### DATA PROVIDED:

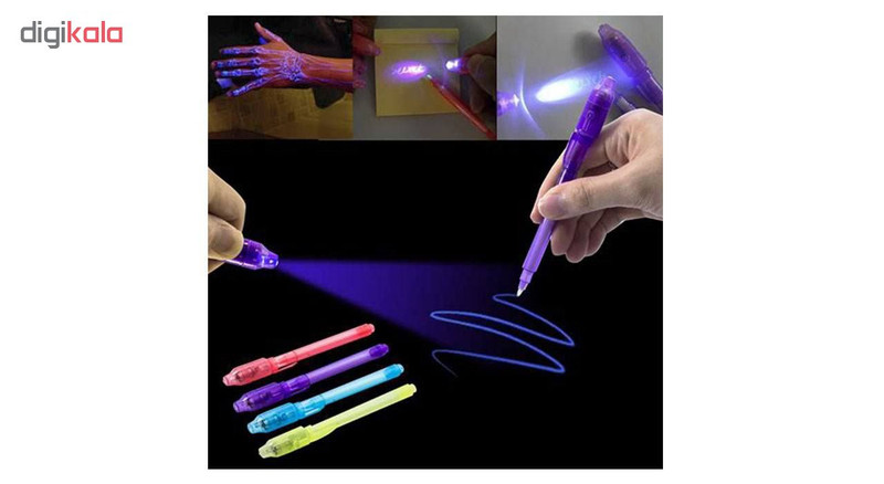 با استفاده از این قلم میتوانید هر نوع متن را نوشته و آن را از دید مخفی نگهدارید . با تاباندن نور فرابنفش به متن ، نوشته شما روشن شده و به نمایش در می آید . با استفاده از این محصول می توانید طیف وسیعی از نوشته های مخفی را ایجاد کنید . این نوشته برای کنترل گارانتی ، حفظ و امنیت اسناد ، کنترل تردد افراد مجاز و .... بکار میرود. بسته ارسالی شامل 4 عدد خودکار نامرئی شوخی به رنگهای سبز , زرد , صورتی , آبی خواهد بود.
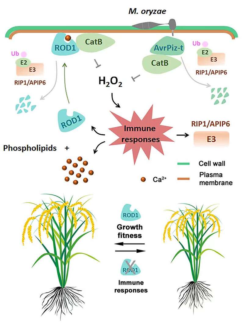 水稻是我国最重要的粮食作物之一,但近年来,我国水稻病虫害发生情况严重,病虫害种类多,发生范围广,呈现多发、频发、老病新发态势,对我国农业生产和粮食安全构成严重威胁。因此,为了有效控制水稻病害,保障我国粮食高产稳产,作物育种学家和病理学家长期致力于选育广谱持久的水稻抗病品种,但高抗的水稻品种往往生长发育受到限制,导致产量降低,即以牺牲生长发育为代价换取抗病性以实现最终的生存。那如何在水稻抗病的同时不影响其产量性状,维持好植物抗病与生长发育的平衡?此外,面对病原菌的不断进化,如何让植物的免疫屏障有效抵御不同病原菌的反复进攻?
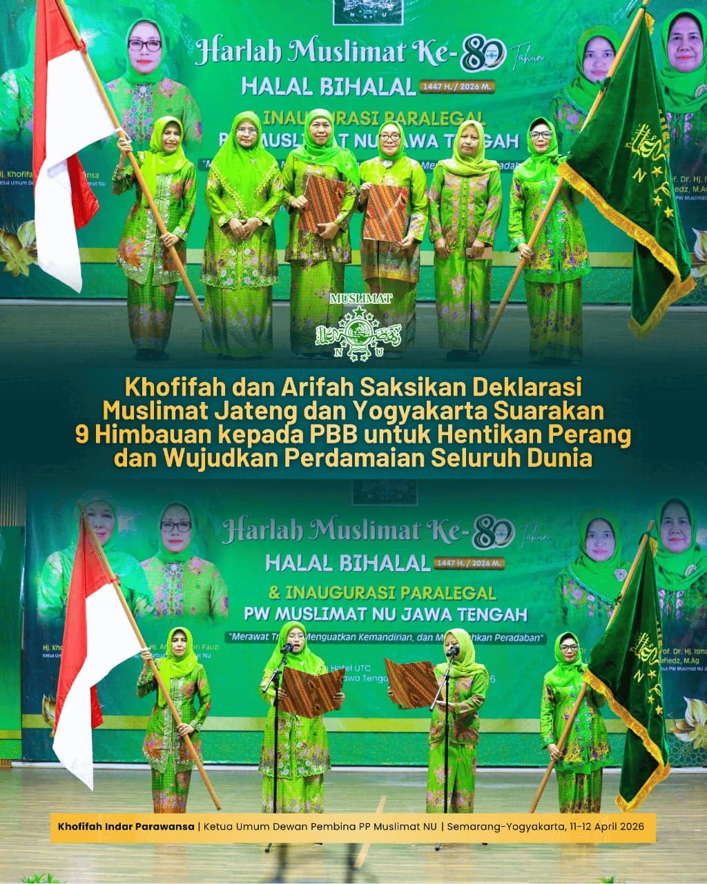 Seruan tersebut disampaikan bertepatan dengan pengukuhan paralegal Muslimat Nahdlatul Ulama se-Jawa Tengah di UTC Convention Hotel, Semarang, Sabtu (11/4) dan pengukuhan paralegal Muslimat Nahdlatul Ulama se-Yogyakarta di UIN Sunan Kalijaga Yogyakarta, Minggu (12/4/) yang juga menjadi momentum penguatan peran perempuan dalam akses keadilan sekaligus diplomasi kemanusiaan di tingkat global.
==
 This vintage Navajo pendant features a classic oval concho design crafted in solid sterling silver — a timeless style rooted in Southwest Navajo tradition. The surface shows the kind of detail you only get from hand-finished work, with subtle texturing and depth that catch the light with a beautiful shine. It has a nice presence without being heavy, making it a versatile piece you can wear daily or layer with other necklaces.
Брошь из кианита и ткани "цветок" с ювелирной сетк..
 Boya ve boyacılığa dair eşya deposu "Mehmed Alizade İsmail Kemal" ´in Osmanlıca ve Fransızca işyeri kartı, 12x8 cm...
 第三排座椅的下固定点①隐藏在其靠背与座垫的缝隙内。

### EXERCISE:
Set down exactly the lines of the data above, beginning with the line that has "This vintage Navajo" and ending with the line that has "第三排座椅的下固定点①隐藏在其靠背与座垫的缝隙内。", and no others.

### WRITTEN RESPONSE:
 This vintage Navajo pendant features a classic oval concho design crafted in solid sterling silver — a timeless style rooted in Southwest Navajo tradition. The surface shows the kind of detail you only get from hand-finished work, with subtle texturing and depth that catch the light with a beautiful shine. It has a nice presence without being heavy, making it a versatile piece you can wear daily or layer with other necklaces.
Брошь из кианита и ткани "цветок" с ювелирной сетк..
 Boya ve boyacılığa dair eşya deposu "Mehmed Alizade İsmail Kemal" ´in Osmanlıca ve Fransızca işyeri kartı, 12x8 cm...
 第三排座椅的下固定点①隐藏在其靠背与座垫的缝隙内。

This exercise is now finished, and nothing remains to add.